Cui HW et al, 2017: CT Texture Analysis of Ex Vivo Renal Stones Predicts Ease of Fragmentation with Shockwave Lithotripsy.
Cui HW, Devlies W, Ravenscroft S, Heers H, Freidin A, Cleveland R, Ganeshan B, Turney BW.
Oxford Stone Group, University of Oxford, Oxford, United Kingdom.
Faculty of Medicine, KU Leuven, Leuven, Belgium.
Division of Medical Sciences, University of Oxford , Oxford, United Kingdom.
Department of Urology and Paediatric Urology, Philipps-Universität Marburg, Marburg, Germany.
Kennedy Institute of Rheumatology, University of Oxford, Oxford, United Kingdom.
Department of Engineering Science, Institute of Biomedical Engineering, University of Oxford, Oxford, United Kingdom.
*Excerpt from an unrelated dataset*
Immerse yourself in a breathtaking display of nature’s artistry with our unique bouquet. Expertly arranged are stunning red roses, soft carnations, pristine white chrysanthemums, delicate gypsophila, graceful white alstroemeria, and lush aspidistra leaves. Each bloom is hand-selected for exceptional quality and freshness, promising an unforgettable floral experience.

Division of Medicine, Institute of Nuclear Medicine, University College London, London, United Kingdom.
Abstract
INTRODUCTION: Understanding the factors affecting success of extracorporeal shockwave lithotripsy (SWL) would improve informed decision-making on the most appropriate treatment modality for an individual patient. Although stone size and skin-to-stone distance do correlate with fragmentation efficacy, it has been shown that stone composition and architecture, as reflected by structural heterogeneity on CT, are also important factors. This study aims to determine if CT texture analysis (CTTA), a novel, nondestructive, and objective tool that generates statistical metrics reflecting stone heterogeneity, could have utility in predicting likelihood of SWL success.
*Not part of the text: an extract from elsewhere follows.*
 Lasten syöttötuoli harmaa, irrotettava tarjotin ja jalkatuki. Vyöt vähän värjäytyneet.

MATERIALS AND METHODS: Seven spontaneously passed, intact renal tract stones, were scanned ex vivo using standard CT KUB and micro-CT. The stones were then fragmented in vitro using a clinical lithotripter, after which, chemical composition analysis was performed. CTTA was used to generate a number of metrics that were correlated to the number of shocks needed to fragment the stone.
RESULTS: CTTA metrics reflected stone characteristics and composition, and predicted ease of SWL fragmentation. The strongest correlation with number of shocks required to fragment the stone was mean Hounsfield unit (HU) density (r = 0.806, p = 0.028) and a CTTA metric measuring the entropy of the pixel distribution of the stone image (r = 0.804, p = 0.039). Using multiple linear regression analysis, the best model showed that CTTA metrics of entropy and kurtosis could predict 92% of the outcome of number of shocks needed to fragment the stone. This was superior to using stone volume or density.
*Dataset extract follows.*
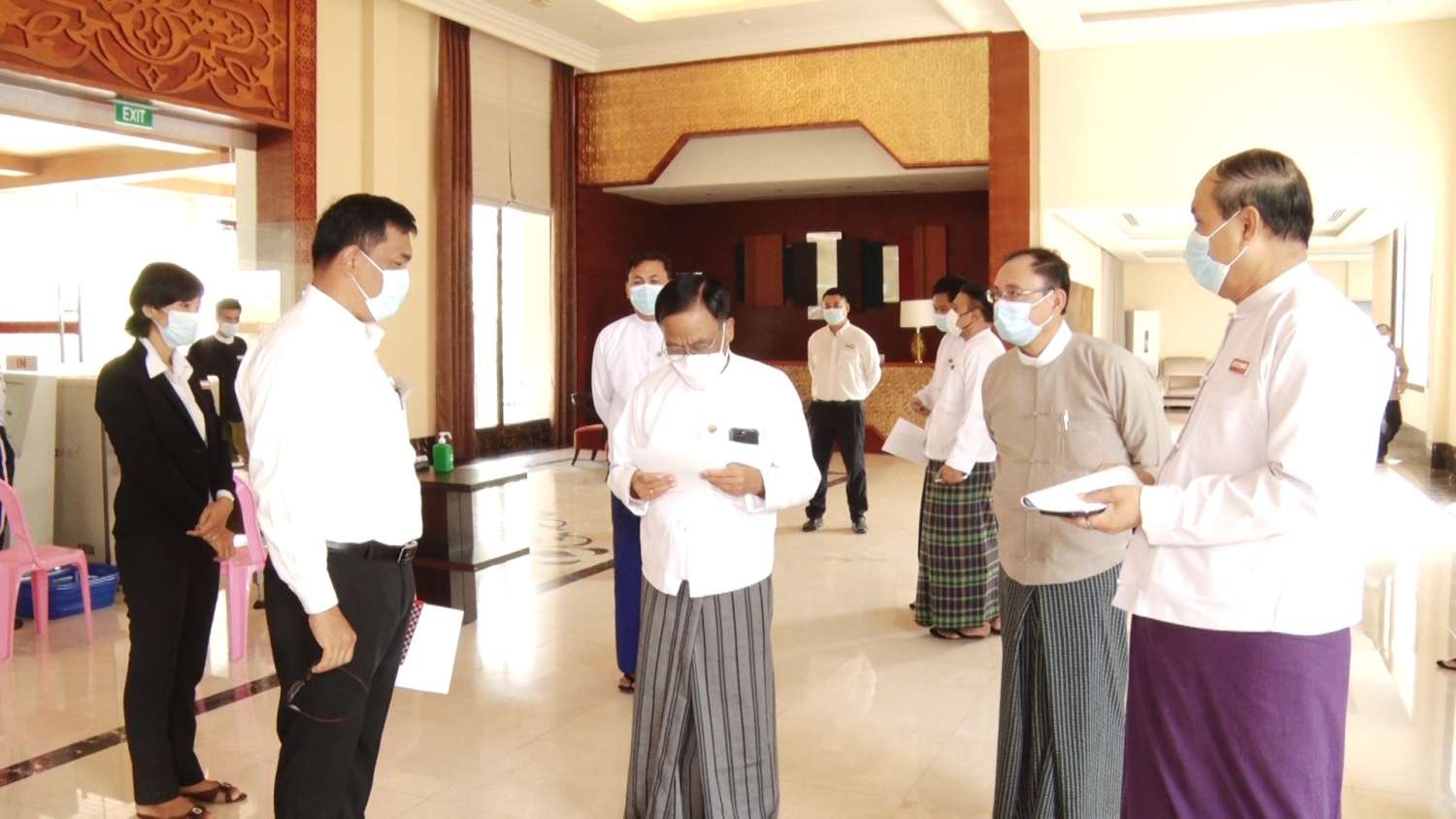 ဟိုတယ်နှင့်ခရီးသွားလာရေးဝန်ကြီးဌာန ပြည်ထောင်စုဝန်ကြီး ဒေါက်တာဌေးအောင်သည် ယနေ့နံနက်ပိုင်းတွင် နေပြည်တော်ရှိ နိုင်ငံတော်ဧည့်ဂေဟာနှင့် ဟိုတယ်များသို့ သွားရောက်ကာ နေပြည်တော်ဟိုတယ်လုပ်ငန်းရှင်များအသင်း အလုပ်အမှုဆောင်၊ ဟိုတယ်များမှ အထွေထွေမန်နေဂျာများ၊ တာဝန်ခံများနှင့် တွေ့ဆုံသည်။

CONCLUSIONS: CTTA metrics entropy and kurtosis have been shown in this experimental ex vivo setting to strongly predict fragmentation by SWL. This warrants further investigation in a larger clinical study for the contribution of CT textural metrics as a measure of stone heterogeneity, along with other known clinical factors, to predict likelihood of SWL success.
J Endourol. 2017 Jun 5. doi: 10.1089/end.2017.0084. [Epub ahead of print]
Comments 1
Improved CT-technology enables texture analysis (TA) of stones. When data from CTTA were compared with the number of shockwaves required for stone disintegration it was concluded that recorded entropy and kurtosis were good predictors of the outcome of in vitro fragmentation. An equation was presented with which the outcome might be predicted. Data obtained with CTTA had better predictive value than volume and density of the stones. Whether these in vitro results can be extended to the situation in vivo can hopefully be decided from a clinical study that is underway.
In this study stones were composed of calcium oxalate (with or without calcium phosphate), uric acid and cystine. It is not known if the calcium oxalate was of COM or COD type. Moreover, the stones were relatively small (3-6 mm) and it is well recognized that disintegration of very small stones might be more difficult than that of larger stones.
CTTA is, however, a new technique that, if incorporated and added to standard NCCT examinations, might provide valuable information for treatment decisions.